Come noto, l’incidente probatorio nasce con la funzione di anticipare l’acquisizione e la formazione della prova nei «casi tassativi di non rinviabilità al dibattimento» previsti dal primo comma dell’art. 392 c.p.p. La possibilità di ricorrere a detto istituto – data la sua eccezionalità – è stata per molto tempo riservata ai soli casi in cui sussisteva un concreto e reale pericolo di dispersione e/o di compromissione della prova da acquisire nel periodo intercorrente tra le fasi dell’indagini ed il dibattimento.

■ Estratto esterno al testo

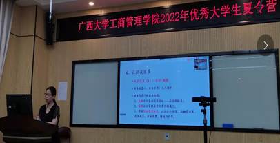 南楼509C教室举行,由MBA教育中心主任助理李秋艳主持,研究生管理中心常务副主任叶映致欢迎辞,她对参加此次夏令营的大学生表示热烈欢迎,希望营员们全身心投入各环节活动,加深对色中色

Nel caso, però, in cui il procedimento riguardi delitti particolarmente violenti contro la persona, inficianti drammaticamente la loro sfera personale e/o sessuale – siano esse minorenni oppure maggiorenni – il Legislatore è intervenuto prevedendo la possibilità di utilizzare lo strumento dell’incidente probatorio anche al di fuori delle ipotesi tassativamente previste dal comma 1 dell’art. 392 c.p.p., e pertanto, anche fuori dai casi di non rinviabilità o di pericolo di inquinamento probatorio.

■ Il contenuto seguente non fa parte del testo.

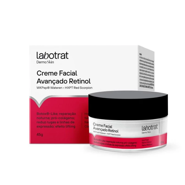 Revolucione sua pele com o Labotrat Dermo Skin Retinol Creme Botox-Like! Experimente a sensação de uma pele mais jovem e radiante em apenas algumas semanas. Formulado com um blend de ativos, o creme Botox-Like estimula a produção de colágeno, reduzindo visivelmente as rugas e linhas de expressão. Sinta a diferença em sua pele: mais firme, luminosa e com uma textura aveludada. Adquira agora e descubra o segredo de uma pele impecável!

Nello specifico, l’art. 392 c.p.p., comma 1 bis, introdotto nel codice di rito dalla L. 15 febbraio 1996, n. 66 (recante norme contro la violenza sessuale), da ultimo sostituito dalla L. 1 ottobre 2012, n. 172,  prevede che nei procedimenti relativi a specifici reati (ovvero quelli di cui agli artt. 572, 600, 600-bis, 600-ter, 600 quater, 600-quinquies, 601, 602, 609-bis, 609-quater, 609 quinquies, 609-octies, 609-undecies e 612-bis c.p.), il Pubblico Ministero, anche su richiesta della persona offesa, o la persona sottoposta alle indagini possano chiedere che si proceda con incidente probatorio all’assunzione della testimonianza di persona minorenne ovvero della persona offesa maggiorenne, anche al di fuori delle ipotesi del comma 1.

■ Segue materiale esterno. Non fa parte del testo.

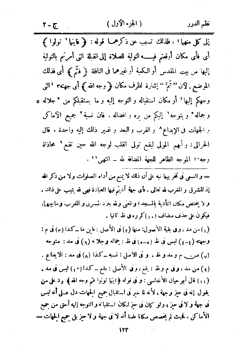 إلى كل منهما. فلذلك تسبب عن ذكرهما قوله: {فأينما تولوا} أي فأي مكان أوقعتم فيه التولية للصلاة إلى القبلة التي أمرتم بالتولية إليها من بيت المقدس أو الكعبة أو غيرهما في النافلة {فثَم} أي فذلك الموضع، لأن «ثَمَّ» إشارة لظرف مكان {وجه الله} أي جهته التي وجهكم إليها أو مكان استقباله والتوجه إليه وما يستقبلكم من جلاله وجماله ويتوجه إليكم من بره وإفضاله. فإن نسبة جميع الأماكن والجهات في الإبداع والقرب والبعد وغير ذلك إليه واحدة. قال الحرالي: وأبهم المولى ليقع تولي القلب لوجه الله حين تقع محاذاة وجه الموجه الظاهر للجهة المضافة لله - انتهى.

La disposizione, integrata dal D.Lgs. n. 15 dicembre 2015, n. 212, aggiunge che si possa procedere nelle medesime forme “in ogni caso” in cui la persona offesa versi “in condizione di particolare vulnerabilità“, ciò vale a dire indipendentemente dal reato oggetto di indagine.

Quest’ultima tipologia di vittime vulnerabili, definite “atipiche”, rappresentano una categoria di persone da individuare in concreto sulla scorta delle indicazioni fornite dall’art. 90 quater c.p.p., il quale fornisce gli indici sintomatici e rivelatori affinché una persona offesa possa godere delle predette forme di audizione.

In relazione al profilo soggettivo, la condizione de qua è desunta, oltre che dall’età e dallo stato di infermità o di deficienza psichica, altresì, dal tipo di reato, dalle modalità e circostanze del fatto per cui si procede.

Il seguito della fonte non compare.